> _DATA TO EXAMINE_:
- Opening Delimiter -
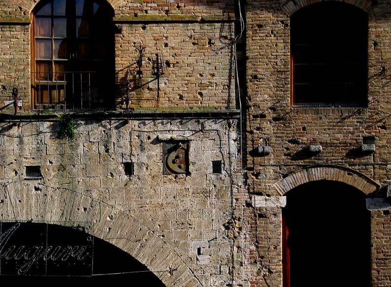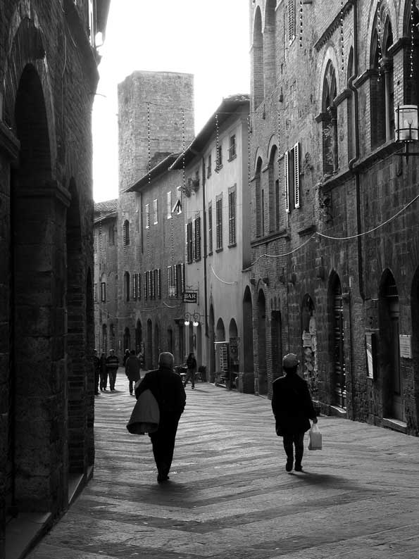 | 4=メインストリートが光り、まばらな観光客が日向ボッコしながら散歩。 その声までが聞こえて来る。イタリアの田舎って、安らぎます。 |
- Closing Delimiter -
- Opening Delimiter -
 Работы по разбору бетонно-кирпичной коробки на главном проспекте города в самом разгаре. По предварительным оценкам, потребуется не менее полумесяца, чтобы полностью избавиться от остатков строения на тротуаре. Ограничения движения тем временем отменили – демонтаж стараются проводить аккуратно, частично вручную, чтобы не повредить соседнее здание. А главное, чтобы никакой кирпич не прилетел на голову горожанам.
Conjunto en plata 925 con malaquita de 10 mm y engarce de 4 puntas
- Closing Delimiter -
- Opening Delimiter -
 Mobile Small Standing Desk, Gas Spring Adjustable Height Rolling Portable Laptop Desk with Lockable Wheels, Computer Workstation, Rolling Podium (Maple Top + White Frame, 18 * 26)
- Closing Delimiter -
> _EXERCISE DETAILS_: Starting at the line above that contains "Работы по разбору", write out each line exactly until the line that contains "Conjunto en plata" has been written, and stop there.

> _COMPLETED TASK_:
 Работы по разбору бетонно-кирпичной коробки на главном проспекте города в самом разгаре. По предварительным оценкам, потребуется не менее полумесяца, чтобы полностью избавиться от остатков строения на тротуаре. Ограничения движения тем временем отменили – демонтаж стараются проводить аккуратно, частично вручную, чтобы не повредить соседнее здание. А главное, чтобы никакой кирпич не прилетел на голову горожанам.
Conjunto en plata 925 con malaquita de 10 mm y engarce de 4 puntas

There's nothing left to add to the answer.